Not so long ago, Germany was considered the engine of the EU economy. When things went wrong for other countries in the bloc, there was always the hope that Berlin would come to the rescue.

But now, it seems that the safety net is slowly deflating: the country's industrial production has fallen below 2017 levels, and the threat of recession is more real than ever, although the DAX seems to be holding steady. The pressure on the European Central Bank (ECB) has prompted rate cuts, with potential for further reductions, which could lead to a reversal in the EUR/USD trend even if the Fed cuts rates.

The silver lining for markets is that the European Central Bank (ECB) has repeatedly cut rates, citing Germany's recession risk. The regulator took similar measures in 2001, 2002, and 2011.

So, how did Germany get into this situation?

The problem lies in a business model that depended on cheap energy from Russia, low-cost subcontractors in Eastern Europe, and ever-growing exports to China. Now, all this has disappeared.

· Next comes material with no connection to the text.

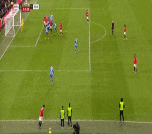第64分钟,维尔贝克弧顶位置接球,左脚爆射上角破门弑旧主,布莱顿2-0领先曼联。
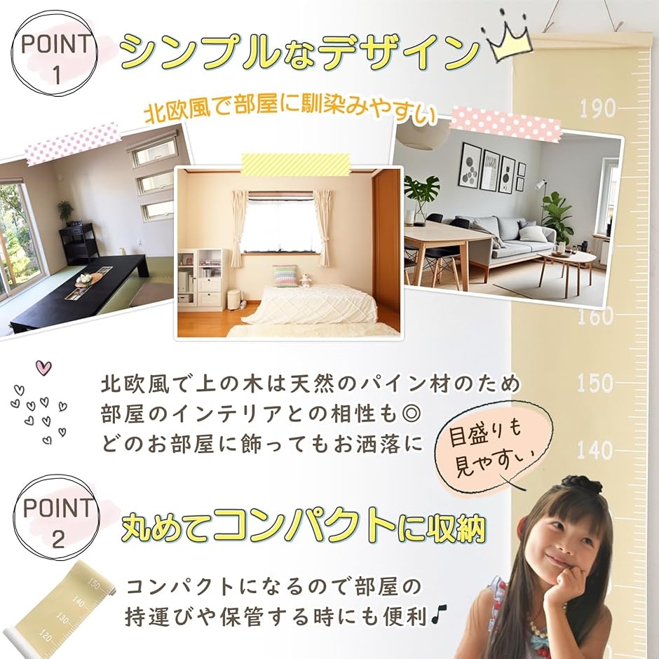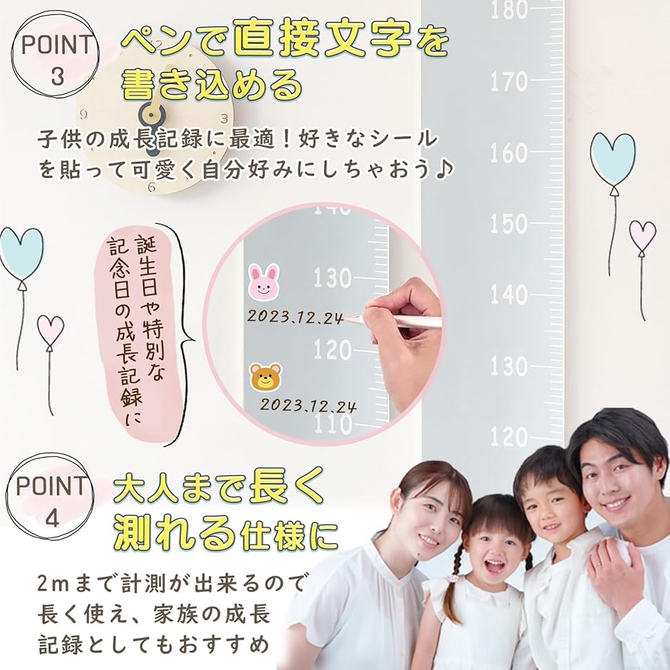 「特徴」お子様の成長の節目節目を記録するのに最適で、直接ペンで身長を書き込んで残すことができます。

Sanctions against Russia and the destruction of the Nord Stream pipelines have driven energy costs through the roof, leaving many companies unable to survive or at least struggling to do so.

The number of German companies heading for insolvency soared in the first half of 2023, reaching its fastest pace in over two decades with 8,400 corporate insolvencies.

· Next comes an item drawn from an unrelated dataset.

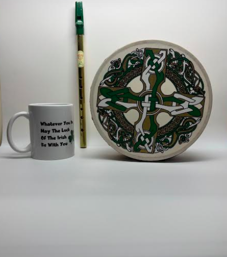 Irish Gift Set: Irish Tin Whistle, 8" Celtic Cross Bodhran & Irish Novelty Mug

Since then, the situation has not improved much: the number of large insolvencies in Germany reached an all-time high in the first six months of 2024, with an increase of 37%, according to Allianz Trade.

The credit insurer forecasts 21,500 bankruptcies of German companies of all sizes for the entire year, an increase of 21% following a similar 22% rise in 2023.

Recently, Volkswagen announced the closure of several factories and the layoff of 15,000 employees, sparking street protests over factors such as over-regulation, inadequate infrastructure, shortage of skilled labor, etc.

It should be noted that the problems are not only due to electricity prices, which remain high compared to a few years ago but also to the high interest rates that the regulator imposed to combat inflation.

Companies are still finding it challenging to repay COVID-19 loans or find new financing, and even with two ECB rate cuts, no miraculous improvement is expected in the coming months.

In addition, deteriorating EU-China relations and the latter's complex economic environment have led to a drastic decline in German exports to Beijing.

In the year's first half, German exporters sent more products to Poland than China. As expected, total exports decreased by 1.6% compared to last year's period.

Where does it lead?

If Germany fails to get back on track and its recent stimulus measures do not help to reduce the number of bankruptcies, the ECB could increase its dovish stance and cut rates further.

In the latter case, the EUR/USD could reverse its trend even with the Fed cutting rates.